That resulted in a substantial duty increase, which is why I suspect the Federal Circuit will let us know whether it agrees with this analysis. Given Archer Daniels Midland and the related cases, it is a close call on which reasonable judges might differ.

Wednesday, February 15, 2017

Who Moved My CAFTA-DR Cheese?

La Nica Products is an odd case. It involves a claim for preferential duty treatment under the US-Central America-Dominican Republic Free Trade Agreement, or CAFTA-DR. The merchandise is cheese from Nicaragua. On its face, one would think that an agricultural product like cheese would satisfy most rules of origin. But, that is not the issue in this case.

The problem here is the identity of the party making the claim. La Nica was listed as the importer of record and made the claim for duty-free treatment. After entry, La Nica, who had been listed as the importer of record, filed a Post-Entry Amendment ("PEA") attempting to change the importer of record to another party. Apparently, the other party purchased the cheese while it was en route. Customs and Border Protection asked La Nica for proof of the sale to the new alleged IOR and for a certificate of origin to support the CAFTA-DR claim. Plaintiff did not respond.

Customs denied the the PEA request and liquidated the entries as dutiable, thereby denying the CAFTA-DR claims as well. Plaintiff protested, and CBP denied the protests.

Under 19 CFR § 10.583(a), an importer may make a claim for preferential treatment under CAFTA-DR. The same regulation notes that a claim may be based on a certificate of origin from the importer, exporter, or producer. CAFTA-DR claims are, of course, subject to verification and can be denied if the Port Director determines that the importer has provided insufficient evidence to verify the origin of the merchandise.

What went wrong here? While the La Nica made the CAFTA-DR claim, it also told CBP that it was not the importer. Having sold the goods in transit, it appears that La Nica was no longer the owner of the goods at the time of entry and, therefore, was not the proper importer of record. Because the CAFTA-DR regulations require the the claim be made by the importer, La Nica is out of luck.

A couple things to remember about this. First, La Nica apparently never asserted that even though it sold the merchandise, it retained the right to make entry. If it retained a verifiable financial interest in the goods, it might have satisfied CBP's liberal interpretation of "owner" for purposes of making entry. That is not addressed in the decision.
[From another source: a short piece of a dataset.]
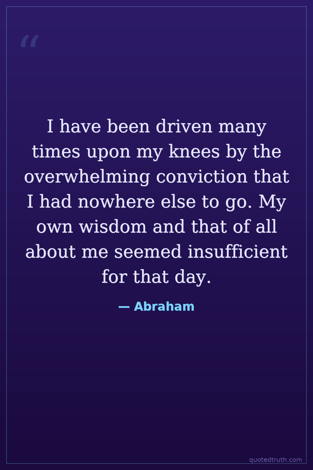 I have been driven many times upon my knees by the overwhelming conviction that I had nowhere else to go. My own wisdom and that of all about me seemed insufficient for that day.

The confounding issue here is that someone needs to be the IOR. Customs denied the PEA on the grounds that La Nica failed to prove the in-transit sale. That would seem to indicate a finding by CBP that La Nica still owned the merchandise and, therefore, was a proper importer. Alas, the CIT did not agree. Plaintiff has the burden of proof. In Court, La Nica continued to assert that it had made a successful sale of the cheese. Thus, the evidence before the Court indicated that La Nica was not the owner, which resulted in it being the wrong party to make the CAFTA-DR claim.

That is an example of free-trade whiplash.

Monday, February 13, 2017

Snuggies Are Blankets


Remember Snuggies? A few years back, they were part of the zeitgeist. Here is a reminder of exactly what is a Snuggie.

According to the commercial, Snuggies are wearable blankets with sleeves-like tubes. That raises an interesting classification question. Is it a blanket of HTSUS item 6301.40.00 (8.5%) or is it a garment classifiable in 6114.30.30 (14.9%)? Or, if it is neither, is it an "other made up article?" The Court of International Trade had to decide that question in Allstar Marketing Group v. U.S.

These are important questions in my world. I get that there is a lot going on in the larger world. Lately, I have been inspired and a little shamed watching lawyers who practice in areas affecting the actual lives and liberty of people, particularly refugees and others trying to entry the country. It made me proud to be a lawyer to see my colleagues set up shop at airports to provide assistance. Yesterday, I was at a meeting sponsored by HIAS Chicago at which an immigration lawyer offered pro bono assistance to arriving refugees. Occasionally, we get to undertake projects for individuals and worthwhile organizations, but that is uncommon in my practice. Here is an example of which I am still proud. Happily, I am currently working on a project that I think will serve the larger public, but it is still in the early stages and will not have the direct, personal impact that we have seen from the good work of immigration lawyers.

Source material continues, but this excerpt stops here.